● **Task prompt**
The result should be the listing below, restated exactly, with its pictures left out.

****************

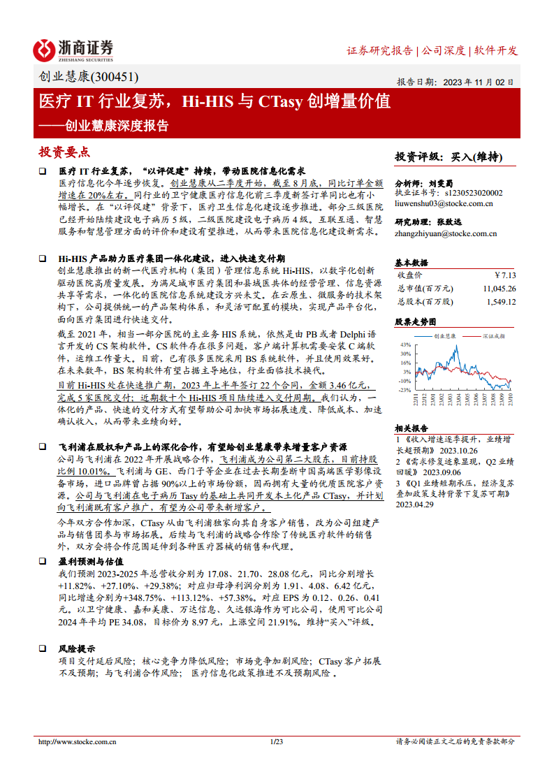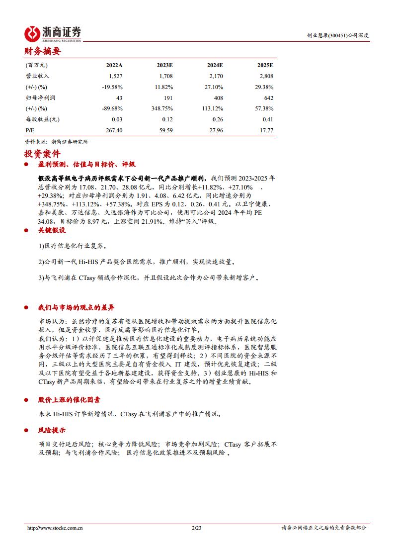 - 预计2023-2025年总营收分别为17.08亿元(同比+11.82%)、21.70亿元(同比+27.10%)、28.08亿元(同比+29.38%)。其中,医疗行业信息化收入预计分别为15.62亿元(同比+14.73%)、20.14亿元(同比+28.94%)、26.44亿元(同比+31.27%),主要得益于医院端订单复苏、Hi-HIS和CTasy等新产品加速推广及交付周期缩短。
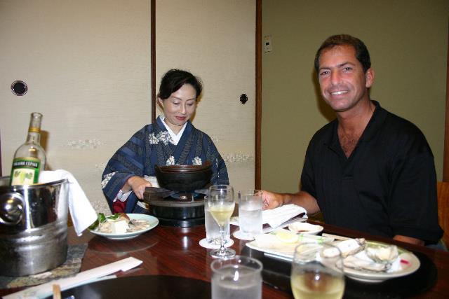 The oyster menu aboard the Kanawa Oyster Boat includes several varieties of oyster prepared in different ways. Here, our personal chef is busy cooking some in a hotpot. You dine in your own private tatami-matted room with the typical sliding Japanese doors. |
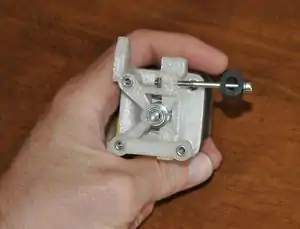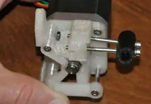 An extruder consists of two ends - a hot end and a cold end. This portion of assembly covers construction of the cold end, or extruder drive, the part of the system that pushes the filament into the hot end. The extruder drive is a pinch-wheel design wherein filament is pinched between a preloaded idler bearing and a toothed drive gear. Filament is pushed hard against the drive gear by the preloaded idler so that the teeth in the drive gear engage the filament, forming something akin a rack-and-pinion drive. The stepper motor then pushes the filament into a Bowden cable, where the filament is constrained and can only exit through the nozzle in the hot end.
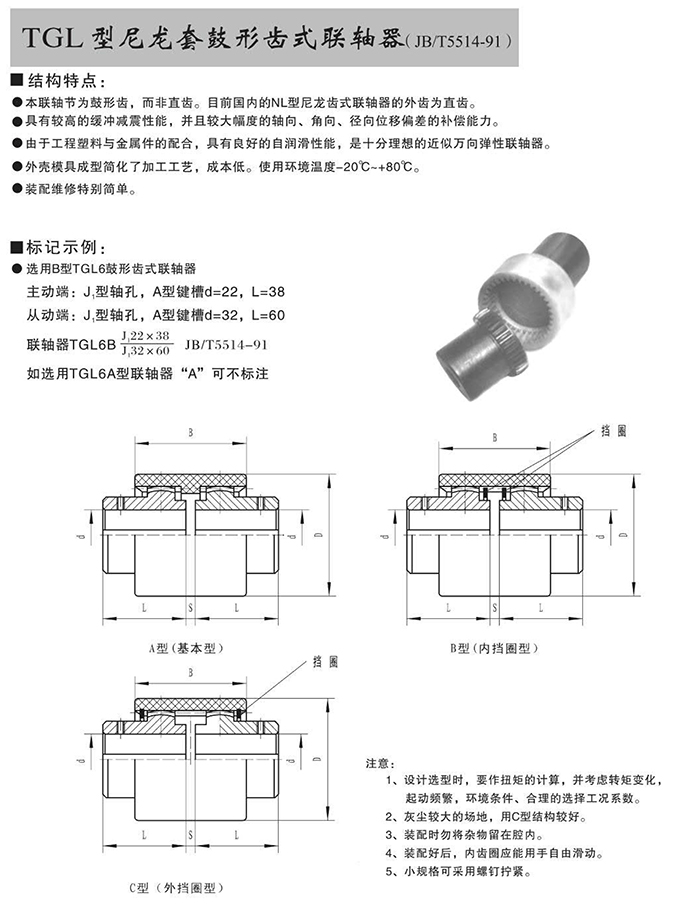瑞安市寶德隆機(jī)械配件有限公司提供TGL型尼龍?zhí)坠男锡X式聯(lián)軸器具有拆裝方便,快速安裝等特點(diǎn),廣泛用于連接/固定輪轂孔和零件的軸,例如齒輪,錐齒輪,鏈輪,葉輪,凸輪,皮帶輪和飛輪等軸的聯(lián)結(jié)固定,咨詢電話:18906872378
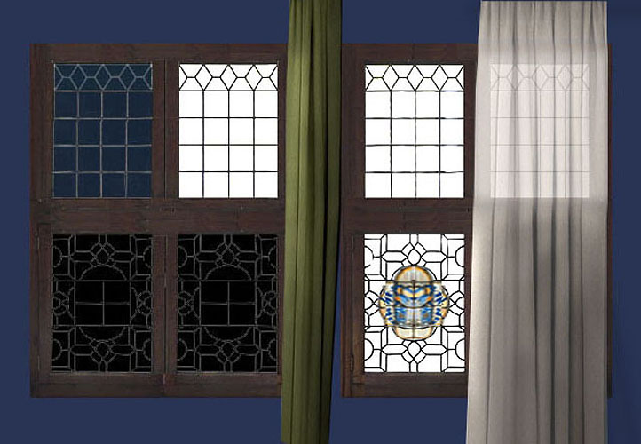 te zien, waarmee de onderste twee glas-in-lood raampanelen verduis-
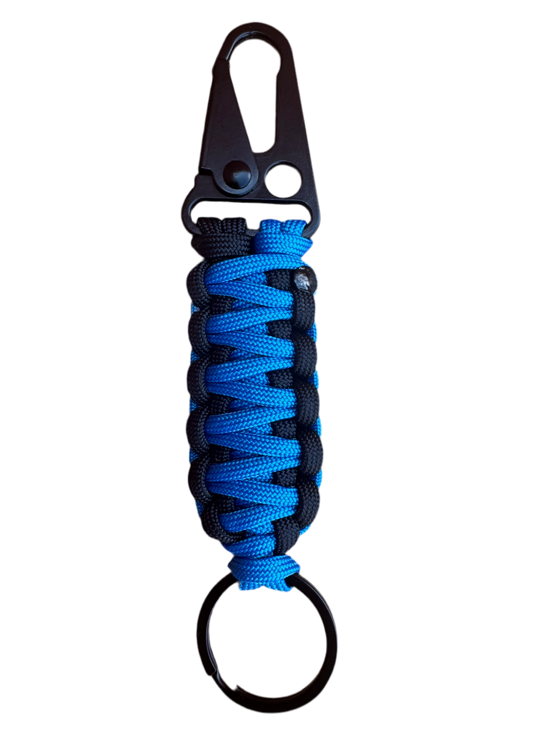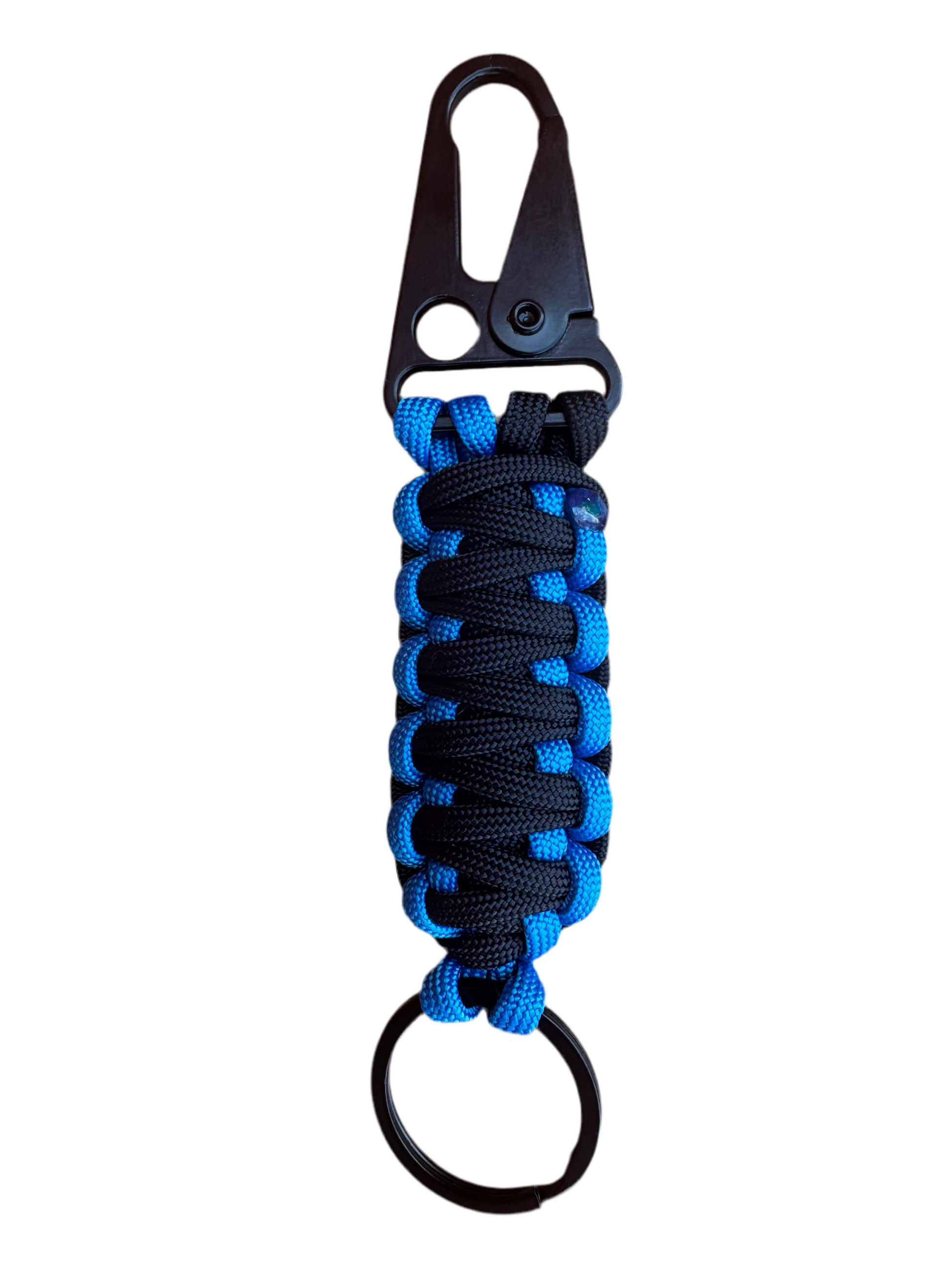 Fabricado en paracord de nylon y acero, este llavero es perfecto para actividades al aire libre, ya que su material es conocido por su alta resistencia y versatilidad. El mosquetón permite una fácil sujeción a cinturones, mochilas o llaves, asegurando que tus pertenencias estén siempre al alcance. Este llavero es una excelente opción para quienes valoran la funcionalidad sin sacrificar el estilo.

****************

● **Task response**
 - 预计2023-2025年总营收分别为17.08亿元(同比+11.82%)、21.70亿元(同比+27.10%)、28.08亿元(同比+29.38%)。其中,医疗行业信息化收入预计分别为15.62亿元(同比+14.73%)、20.14亿元(同比+28.94%)、26.44亿元(同比+31.27%),主要得益于医院端订单复苏、Hi-HIS和CTasy等新产品加速推广及交付周期缩短。
 The oyster menu aboard the Kanawa Oyster Boat includes several varieties of oyster prepared in different ways. Here, our personal chef is busy cooking some in a hotpot. You dine in your own private tatami-matted room with the typical sliding Japanese doors. |
 An extruder consists of two ends - a hot end and a cold end. This portion of assembly covers construction of the cold end, or extruder drive, the part of the system that pushes the filament into the hot end. The extruder drive is a pinch-wheel design wherein filament is pinched between a preloaded idler bearing and a toothed drive gear. Filament is pushed hard against the drive gear by the preloaded idler so that the teeth in the drive gear engage the filament, forming something akin a rack-and-pinion drive. The stepper motor then pushes the filament into a Bowden cable, where the filament is constrained and can only exit through the nozzle in the hot end.
瑞安市寶德隆機(jī)械配件有限公司提供TGL型尼龍?zhí)坠男锡X式聯(lián)軸器具有拆裝方便,快速安裝等特點(diǎn),廣泛用于連接/固定輪轂孔和零件的軸,例如齒輪,錐齒輪,鏈輪,葉輪,凸輪,皮帶輪和飛輪等軸的聯(lián)結(jié)固定,咨詢電話:18906872378
 te zien, waarmee de onderste twee glas-in-lood raampanelen verduis-
 Fabricado en paracord de nylon y acero, este llavero es perfecto para actividades al aire libre, ya que su material es conocido por su alta resistencia y versatilidad. El mosquetón permite una fácil sujeción a cinturones, mochilas o llaves, asegurando que tus pertenencias estén siempre al alcance. Este llavero es una excelente opción para quienes valoran la funcionalidad sin sacrificar el estilo.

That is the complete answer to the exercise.